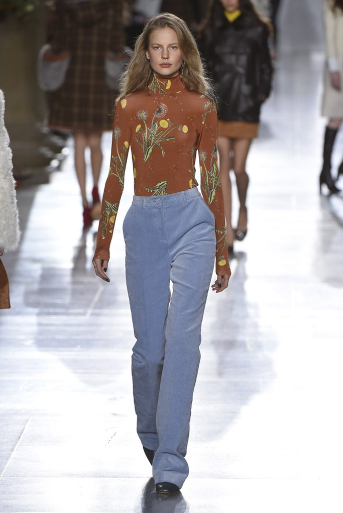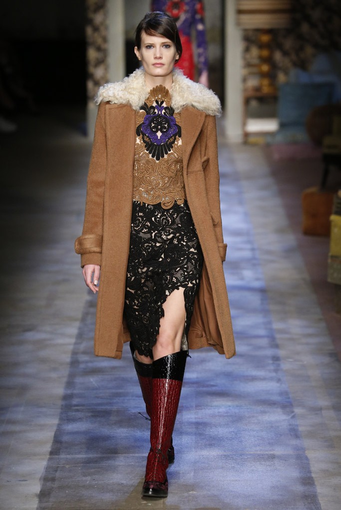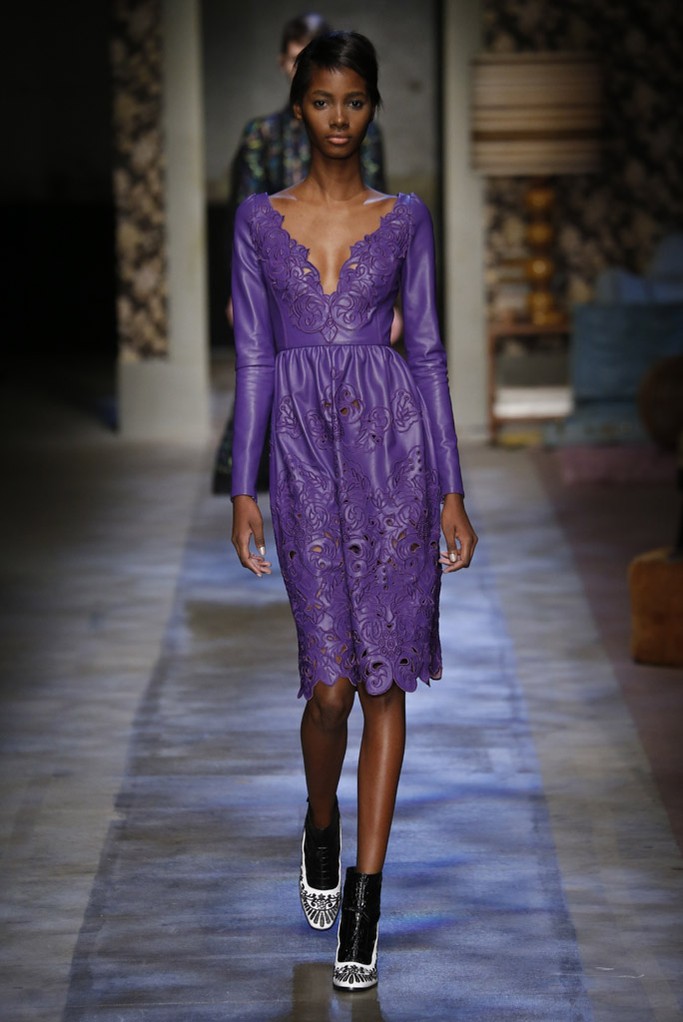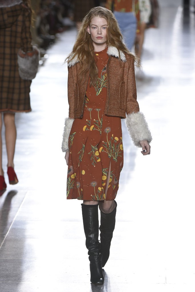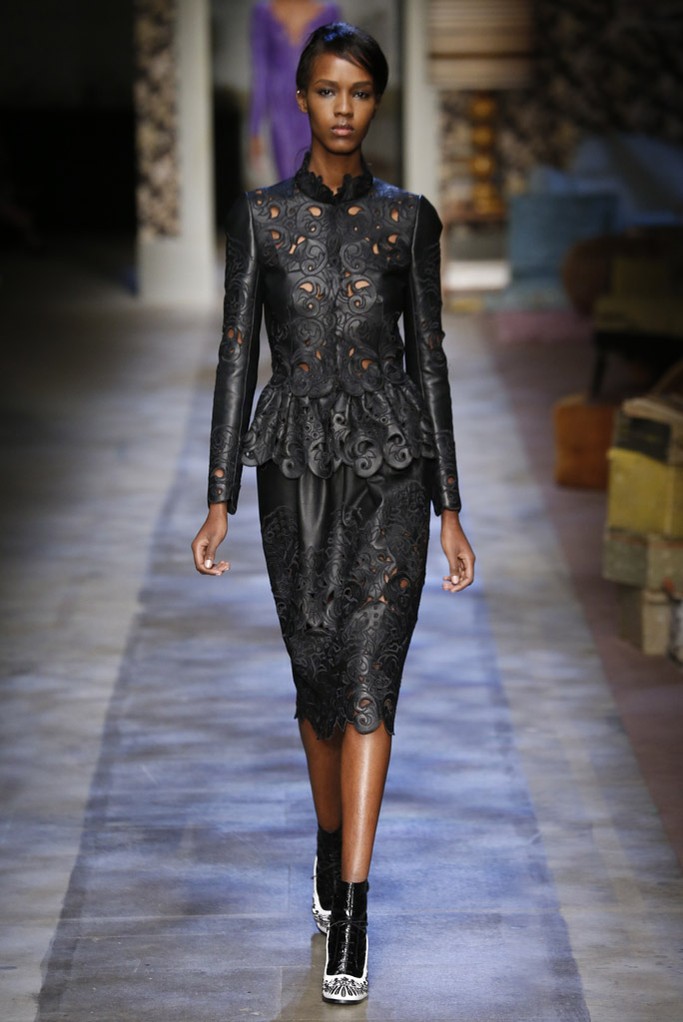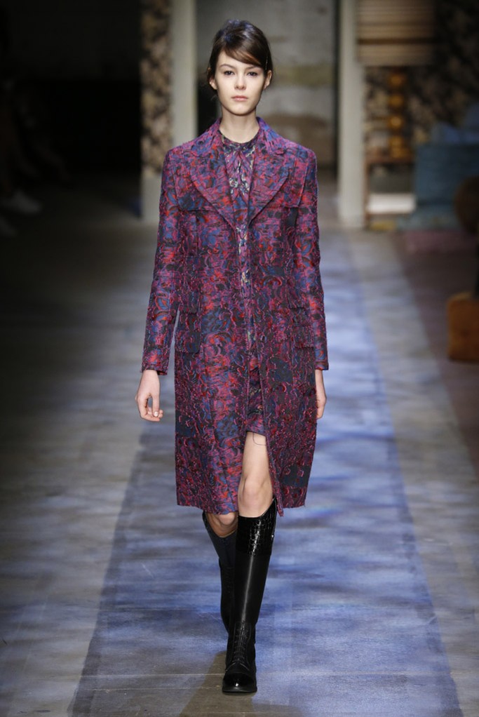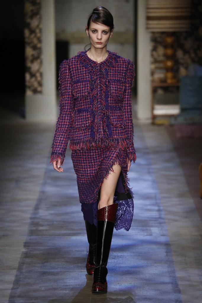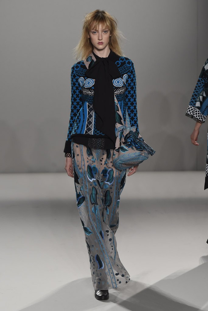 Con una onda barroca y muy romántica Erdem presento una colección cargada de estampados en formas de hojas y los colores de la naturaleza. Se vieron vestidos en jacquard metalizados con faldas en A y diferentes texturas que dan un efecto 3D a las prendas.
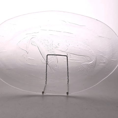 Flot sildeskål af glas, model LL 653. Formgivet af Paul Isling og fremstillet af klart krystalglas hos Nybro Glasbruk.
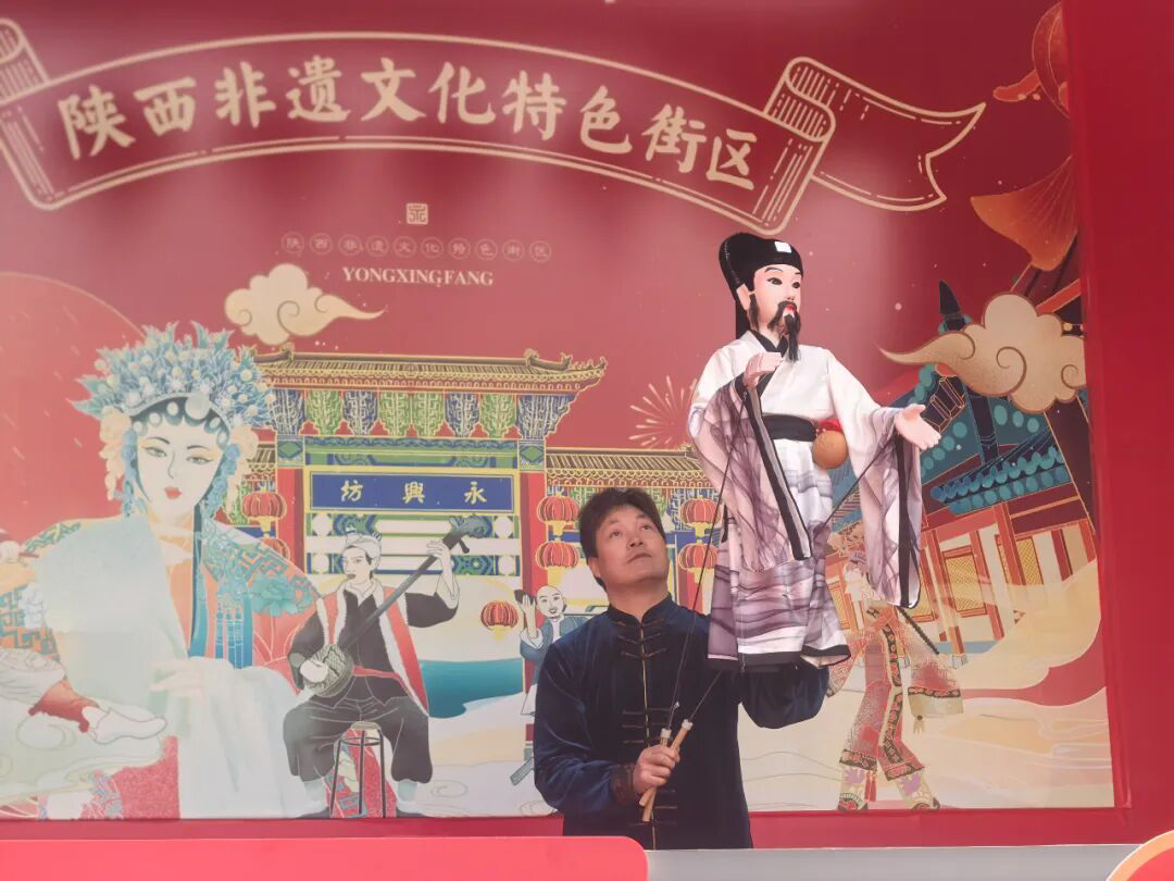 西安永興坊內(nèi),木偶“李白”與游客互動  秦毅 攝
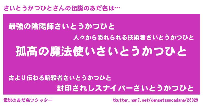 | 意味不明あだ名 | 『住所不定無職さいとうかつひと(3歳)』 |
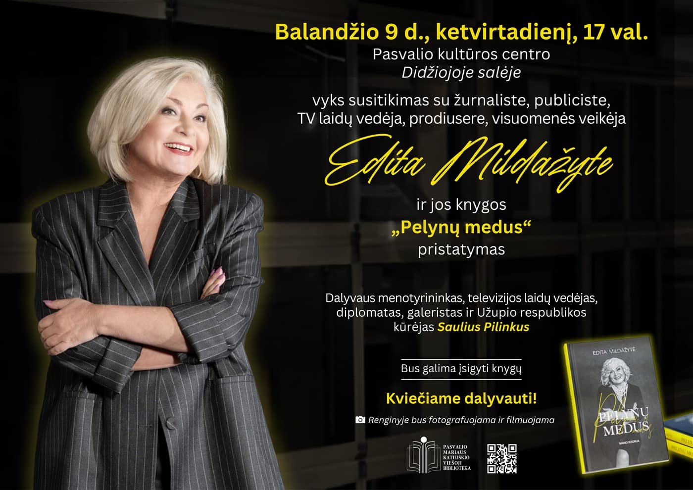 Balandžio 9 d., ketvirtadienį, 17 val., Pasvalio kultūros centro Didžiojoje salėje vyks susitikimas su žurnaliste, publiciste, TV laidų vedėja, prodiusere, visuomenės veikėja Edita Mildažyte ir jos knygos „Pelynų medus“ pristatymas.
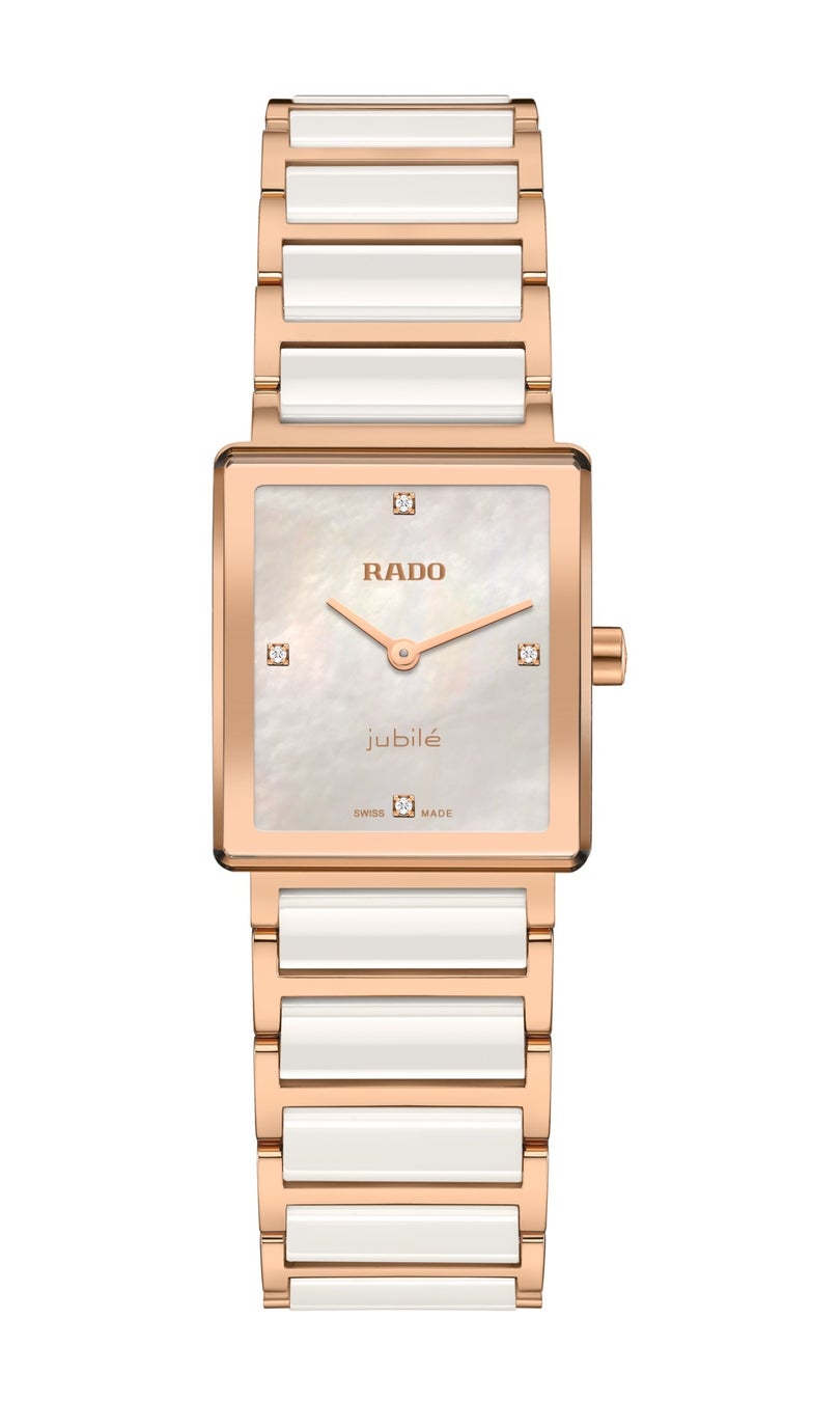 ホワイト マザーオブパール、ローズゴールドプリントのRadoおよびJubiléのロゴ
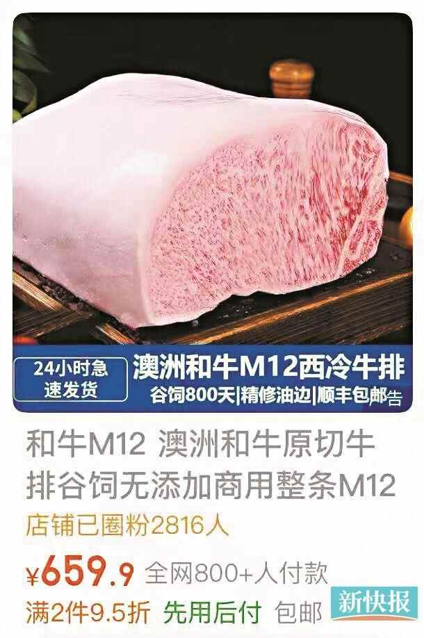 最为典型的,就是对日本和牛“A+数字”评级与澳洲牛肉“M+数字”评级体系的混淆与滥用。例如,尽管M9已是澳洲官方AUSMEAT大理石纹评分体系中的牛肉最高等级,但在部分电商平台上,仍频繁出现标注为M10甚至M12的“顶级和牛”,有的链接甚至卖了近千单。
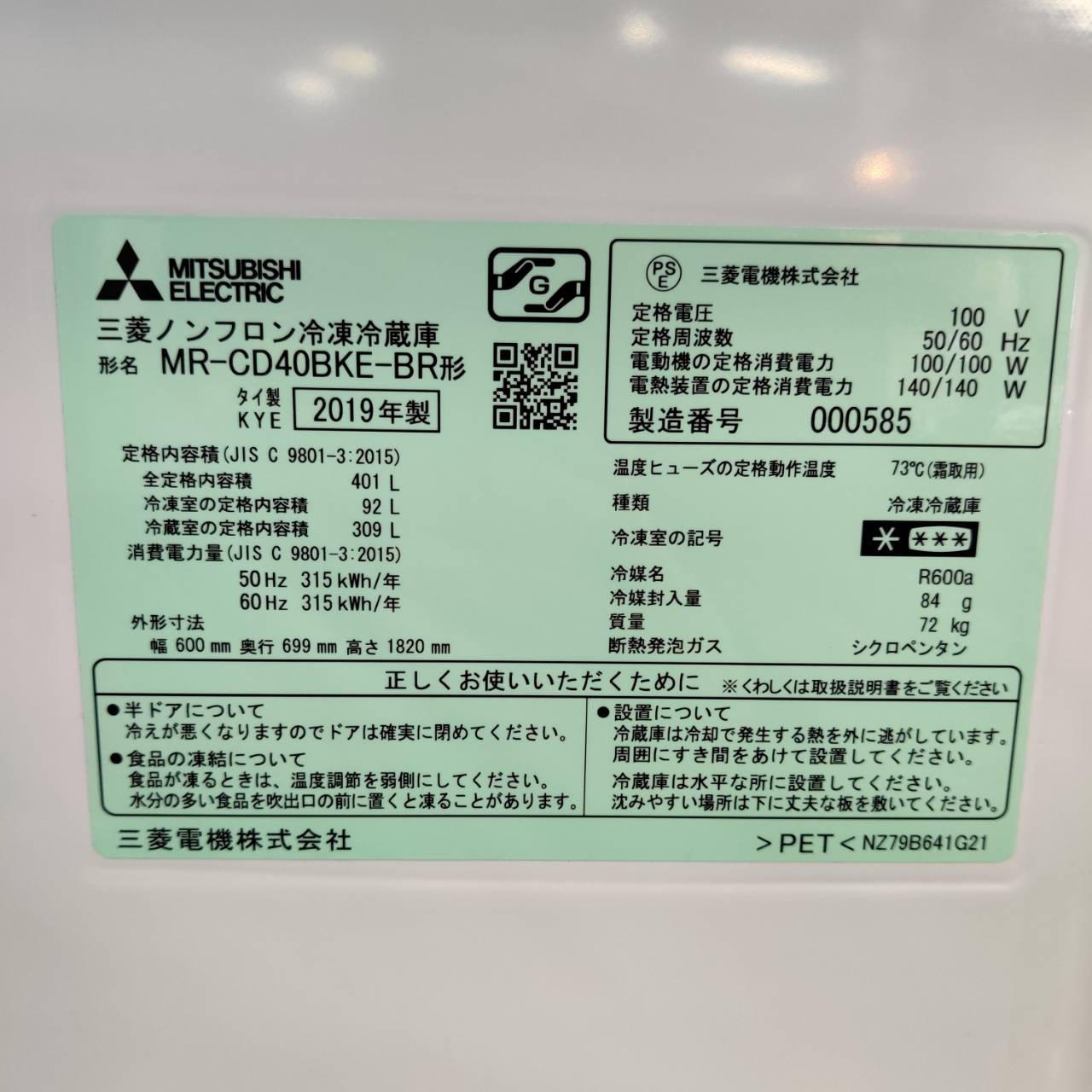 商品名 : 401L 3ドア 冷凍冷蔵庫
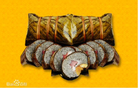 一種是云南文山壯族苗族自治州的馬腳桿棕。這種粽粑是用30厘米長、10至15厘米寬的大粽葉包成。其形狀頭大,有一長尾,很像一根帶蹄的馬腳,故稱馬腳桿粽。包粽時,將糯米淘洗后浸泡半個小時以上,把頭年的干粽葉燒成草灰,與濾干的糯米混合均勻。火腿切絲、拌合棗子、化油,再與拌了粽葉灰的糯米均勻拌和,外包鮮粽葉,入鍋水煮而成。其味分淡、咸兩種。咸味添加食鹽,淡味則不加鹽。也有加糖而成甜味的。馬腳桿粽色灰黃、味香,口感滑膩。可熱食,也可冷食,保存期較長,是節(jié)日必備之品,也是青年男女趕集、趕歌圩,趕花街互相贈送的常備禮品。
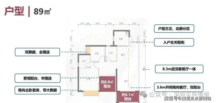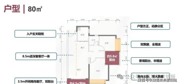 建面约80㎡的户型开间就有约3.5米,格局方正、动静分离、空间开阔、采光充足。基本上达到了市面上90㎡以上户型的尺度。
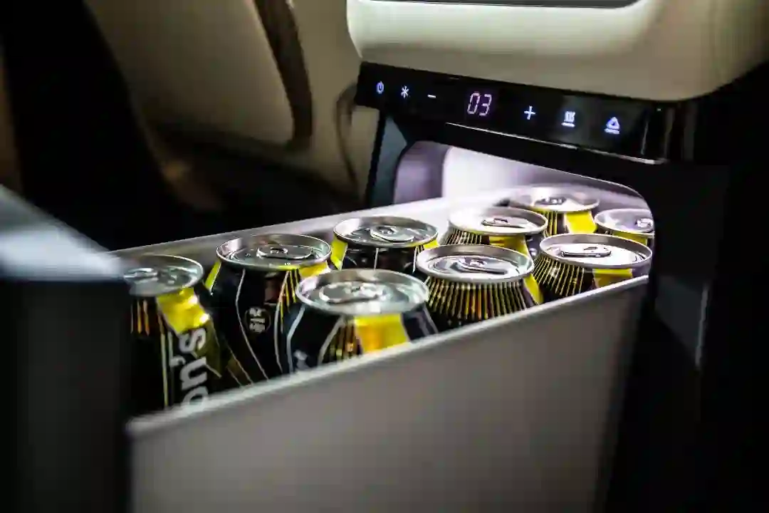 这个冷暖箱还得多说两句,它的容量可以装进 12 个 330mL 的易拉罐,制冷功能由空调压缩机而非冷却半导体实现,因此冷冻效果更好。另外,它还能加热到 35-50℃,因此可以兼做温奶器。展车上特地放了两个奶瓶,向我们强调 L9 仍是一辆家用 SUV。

***

● **WHAT THE TASK REQUIRES**: The lines to repeat start at the one holding "Balandžio 9 d., ketvirtadienį, 17" and run through the last line of the records above; write them out exactly, both ends included, but not the pictures.

● **EXERCISE SOLUTION**:
 Balandžio 9 d., ketvirtadienį, 17 val., Pasvalio kultūros centro Didžiojoje salėje vyks susitikimas su žurnaliste, publiciste, TV laidų vedėja, prodiusere, visuomenės veikėja Edita Mildažyte ir jos knygos „Pelynų medus“ pristatymas.
 ホワイト マザーオブパール、ローズゴールドプリントのRadoおよびJubiléのロゴ
 最为典型的,就是对日本和牛“A+数字”评级与澳洲牛肉“M+数字”评级体系的混淆与滥用。例如,尽管M9已是澳洲官方AUSMEAT大理石纹评分体系中的牛肉最高等级,但在部分电商平台上,仍频繁出现标注为M10甚至M12的“顶级和牛”,有的链接甚至卖了近千单。
 商品名 : 401L 3ドア 冷凍冷蔵庫
 一種是云南文山壯族苗族自治州的馬腳桿棕。這種粽粑是用30厘米長、10至15厘米寬的大粽葉包成。其形狀頭大,有一長尾,很像一根帶蹄的馬腳,故稱馬腳桿粽。包粽時,將糯米淘洗后浸泡半個小時以上,把頭年的干粽葉燒成草灰,與濾干的糯米混合均勻。火腿切絲、拌合棗子、化油,再與拌了粽葉灰的糯米均勻拌和,外包鮮粽葉,入鍋水煮而成。其味分淡、咸兩種。咸味添加食鹽,淡味則不加鹽。也有加糖而成甜味的。馬腳桿粽色灰黃、味香,口感滑膩。可熱食,也可冷食,保存期較長,是節(jié)日必備之品,也是青年男女趕集、趕歌圩,趕花街互相贈送的常備禮品。
 建面约80㎡的户型开间就有约3.5米,格局方正、动静分离、空间开阔、采光充足。基本上达到了市面上90㎡以上户型的尺度。
 这个冷暖箱还得多说两句,它的容量可以装进 12 个 330mL 的易拉罐,制冷功能由空调压缩机而非冷却半导体实现,因此冷冻效果更好。另外,它还能加热到 35-50℃,因此可以兼做温奶器。展车上特地放了两个奶瓶,向我们强调 L9 仍是一辆家用 SUV。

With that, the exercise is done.